Corporate reform is working for the billionaires

What you won't hear at a corporate education reform policy seminar

American families are becoming increasingly polarized along race, class and educational lines, according to a new report released Wednesday, a sign of growing economic inequality that was exacerbated by the Great Recession.

The report, “Divergent Paths of American Families,” found a widening gap in recent years between families that are white, educated or economically secure and minority families, those headed by someone with a high school degree or less, and poor families.

The concern, report authors say, is not that American families are becoming diverse. Advances in civil rights and women’s economic independence have opened up individual choice and transformed the American family in the past 50 years. The concern, they wrote, is that the divisions fall along race, class and educational lines and that they are accelerating.

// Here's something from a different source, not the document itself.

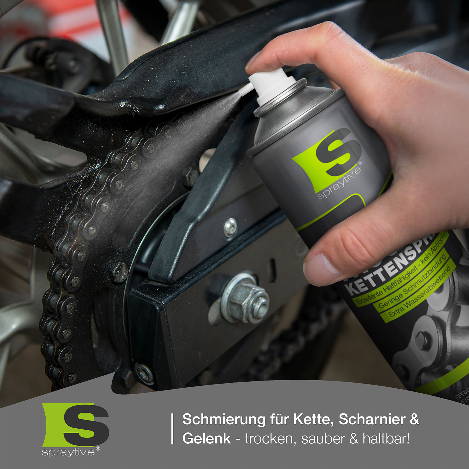 Das Spraytive Kettenspray ist ein hochwirksamer, teilsynthetischer Schmierstoff mit PTFE. Es schützt bewegliche Teile mit einem trockenen, haftstarken Film – ohne Abschleudern, auch bei hoher Belastung.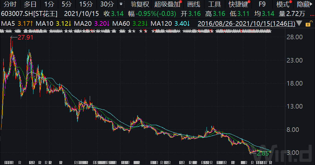Wind数据显示,截至10月15日收盘,ST花王股价自高位下跌近90%。

“I was struck by how strong the divide has become in terms of education,” said report author Zhenchao Qian, a sociologist at Ohio State University. “The gap between the haves and the have-nots, and the children who excel and who lag behind, grew larger than ever in the 2000s.”

You won't hear it because the corporate reform movement is financially propped up by billionaire's and hedge fund managers, and they are making out quite nicely, thank you

The gulf between the richest 1 percent and the rest of America is the widest it’s been since the Roaring ’20s.

The very wealthiest Americans earned more than 19 percent of the country’s household income last year — their biggest share since 1928, the year before the stock-market crash. And the top 10 percent captured a record 48.2 percent of total earnings last year.

U.S. income inequality has been growing for almost three decades. And it grew again last year, according to an analysis of Internal Revenue Service figures dating to 1913 by economists at the University of California, Berkeley, the Paris School of Economics and Oxford University.

In 2012, the incomes of the top 1 percent rose nearly 20 percent compared with a 1 percent increase for the remaining 99 percent.

Now, back to sorting and ranking teachers.